Go to the line below containing "Adidas Trefoil Logo" and print exactly from there through the line containing "Moranduzzo des 3", both included. Print nothing else.

* [AVAILABLE DATA]:
>>>
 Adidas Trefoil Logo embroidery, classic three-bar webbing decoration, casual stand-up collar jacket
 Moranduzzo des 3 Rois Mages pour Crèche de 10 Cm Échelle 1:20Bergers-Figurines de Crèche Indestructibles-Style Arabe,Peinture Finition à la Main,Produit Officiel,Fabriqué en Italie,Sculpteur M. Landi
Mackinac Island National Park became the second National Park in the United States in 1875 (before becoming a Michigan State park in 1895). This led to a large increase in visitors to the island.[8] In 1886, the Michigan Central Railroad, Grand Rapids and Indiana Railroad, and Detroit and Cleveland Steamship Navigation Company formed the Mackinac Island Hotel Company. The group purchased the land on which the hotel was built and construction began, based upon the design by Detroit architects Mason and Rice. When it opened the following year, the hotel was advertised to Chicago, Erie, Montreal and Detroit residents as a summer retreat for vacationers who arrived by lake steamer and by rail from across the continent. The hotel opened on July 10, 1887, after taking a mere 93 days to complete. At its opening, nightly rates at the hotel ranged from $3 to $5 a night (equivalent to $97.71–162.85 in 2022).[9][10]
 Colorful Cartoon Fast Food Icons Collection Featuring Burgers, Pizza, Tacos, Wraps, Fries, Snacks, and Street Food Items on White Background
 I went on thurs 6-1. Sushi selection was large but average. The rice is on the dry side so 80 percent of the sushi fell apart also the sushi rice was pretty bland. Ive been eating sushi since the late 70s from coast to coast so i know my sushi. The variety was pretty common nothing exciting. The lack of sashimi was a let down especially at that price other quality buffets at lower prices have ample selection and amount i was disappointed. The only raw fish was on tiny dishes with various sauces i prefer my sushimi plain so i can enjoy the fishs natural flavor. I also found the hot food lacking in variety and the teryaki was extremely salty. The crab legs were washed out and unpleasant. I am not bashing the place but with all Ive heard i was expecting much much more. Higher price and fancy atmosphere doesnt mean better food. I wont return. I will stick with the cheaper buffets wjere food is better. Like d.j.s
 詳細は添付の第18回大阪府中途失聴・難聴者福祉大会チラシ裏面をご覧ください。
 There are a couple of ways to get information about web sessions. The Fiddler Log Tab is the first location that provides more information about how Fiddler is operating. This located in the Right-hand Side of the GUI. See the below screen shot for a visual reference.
<<<
>>>
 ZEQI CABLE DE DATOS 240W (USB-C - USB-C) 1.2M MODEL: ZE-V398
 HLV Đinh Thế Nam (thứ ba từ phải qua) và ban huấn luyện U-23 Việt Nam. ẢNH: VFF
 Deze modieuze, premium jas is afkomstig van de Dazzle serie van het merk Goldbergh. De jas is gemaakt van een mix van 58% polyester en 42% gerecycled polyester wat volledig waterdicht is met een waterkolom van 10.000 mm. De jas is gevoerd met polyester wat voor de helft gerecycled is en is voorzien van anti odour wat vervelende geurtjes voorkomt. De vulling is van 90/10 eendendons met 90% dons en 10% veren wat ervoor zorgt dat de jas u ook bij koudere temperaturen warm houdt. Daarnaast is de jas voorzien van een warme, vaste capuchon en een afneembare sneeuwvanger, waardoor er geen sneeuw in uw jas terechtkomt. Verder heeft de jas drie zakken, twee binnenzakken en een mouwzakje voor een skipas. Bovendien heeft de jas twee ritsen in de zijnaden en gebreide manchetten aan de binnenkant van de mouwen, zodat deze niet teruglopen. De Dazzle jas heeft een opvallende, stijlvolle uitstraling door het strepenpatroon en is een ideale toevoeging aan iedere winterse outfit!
<<<
* [TASK RESULT]:
 Adidas Trefoil Logo embroidery, classic three-bar webbing decoration, casual stand-up collar jacket
 Moranduzzo des 3 Rois Mages pour Crèche de 10 Cm Échelle 1:20Bergers-Figurines de Crèche Indestructibles-Style Arabe,Peinture Finition à la Main,Produit Officiel,Fabriqué en Italie,Sculpteur M. Landi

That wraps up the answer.